Окна большого помещения были загромождены всевозможными приспособлениями, защищающими от холода. Столбы между окнами, грязные стены, неровные полы с буграми и ямами – всё скорее походило на скотный двор, нежели на обиталище людей, но занавески и люди, сидевшие тут и там возле окон, чем-то напоминали медресе. Влажный, спёртый воздух, вещи, пропахшие духом нищеты и безысходности, только люди, которые лежали, ели, копошились, несколько оживляли картину. Всё, что Габдулла увидел здесь, было теперь уже не ново для него, хотя и трудно было представить себе, чтобы в одном месте скопилось такое множество убогих. После вчерашнего похода с Мансуром ничем удивить его было невозможно. Он не стал тратить время на разглядывание этого рассадника нищеты, а подошёл к старику, который починял сапоги, и заговорил с ним.
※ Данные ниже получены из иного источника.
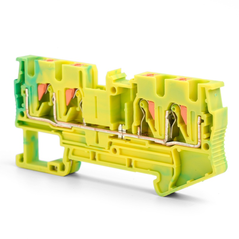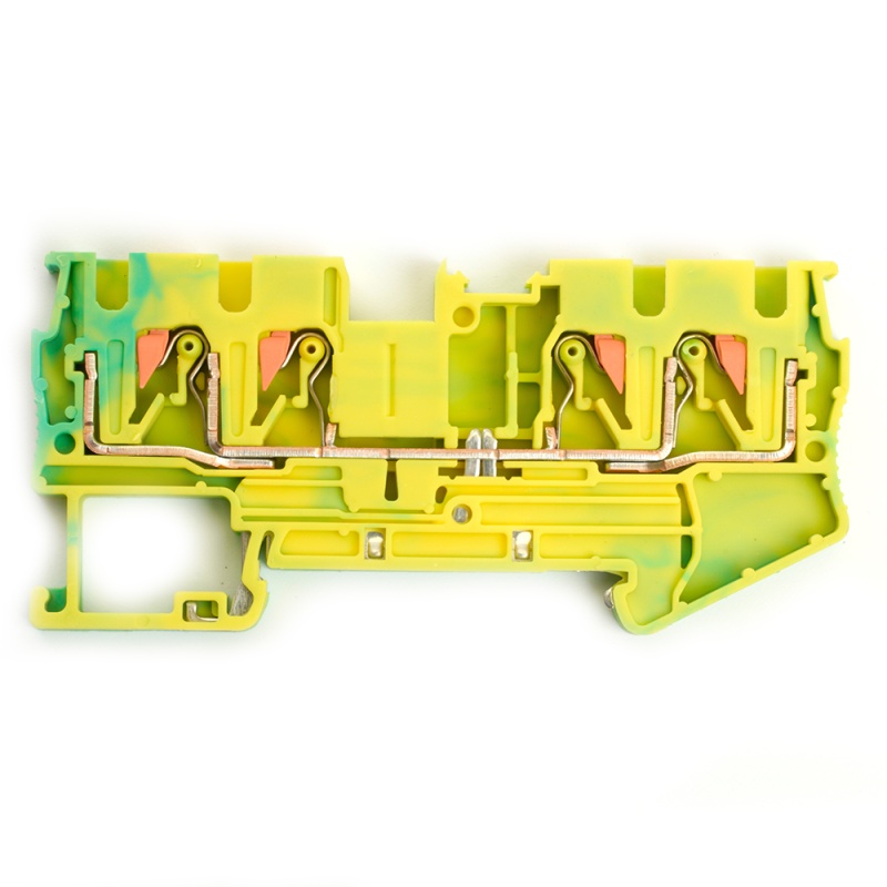 Зажим пружинный, 4-проводной проходной ЗНИ - 4 ,JXB PT 4 , желтый,зеленый LD574-1-40
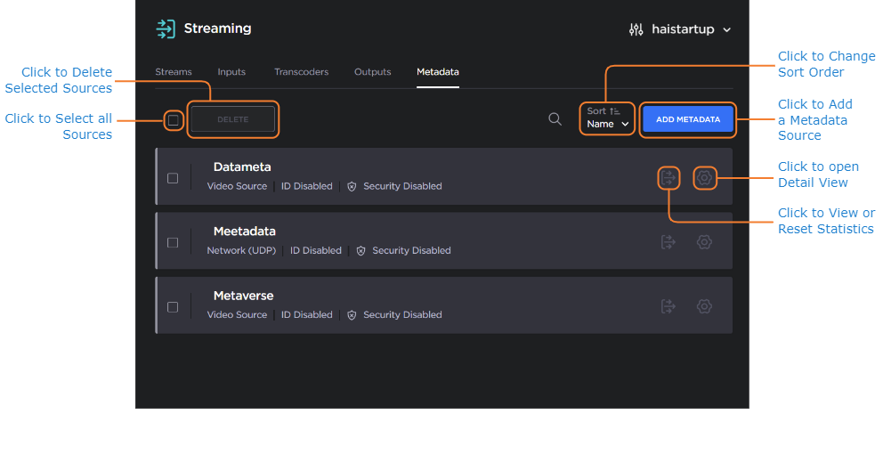 Select Streaming from the sidebar, and go to the Metadata tab. The Metadata List View opens, as shown in the following example:

Старик, выслушав его, сказал:

– Были здесь девушки, да ушли только что.

Габдулла заметил, что встретил их, но той, которая ему нужна, среди них не видел. Он счёл нужным объяснить:

– Девушка доводится мне родственницей. Когда я уезжал в Сибирь, она оставалась совсем маленькой. А теперь я, слава Аллаху, вернулся из Сибири богатым, хотел бы найти её, чтобы забрать к себе.

К ним подошла старуха в рванье. Габдулла и ей повторил свою историю.

Нищенка спросила:

– А звать-то её как?

Вопрос застал Габдуллу врасплох.

– Не знаю, – сказал он, – забыл имя, не то Фатыма, не то Зайнаб.

Такой ответ показался старухе подозрительным. Она стала перечислять живущих здесь девушек и рассказала историю о том, что недавно в казарме у них умерли старик со старухой, единственная их дочка осталась совсем одна, без гроша в кармане. Пошла она за закятом, а над ней надругался сын богатых людей. Несколько дней проливала она слёзы, а потом вдруг пропала. Слушая эту историю, Габдулла почувствовал, как сердце его сжалось. Он сразу понял: это она.

– А народ что говорит, куда делась эта девушка?

– Да по-всякому говорят: одни – будто бы в Кабан бросилась; другие – перебралась туда, где люди не знают про её беду; третьи – будто бы в публичный дом ушла. Всё может быть. Только уж больно хороша была голубушка, и грамоту знала и стыдлива была. В ночь, как приключилось с ней такое, никак не хотела домой, стояла на морозе и плакала. Насилу уговорили.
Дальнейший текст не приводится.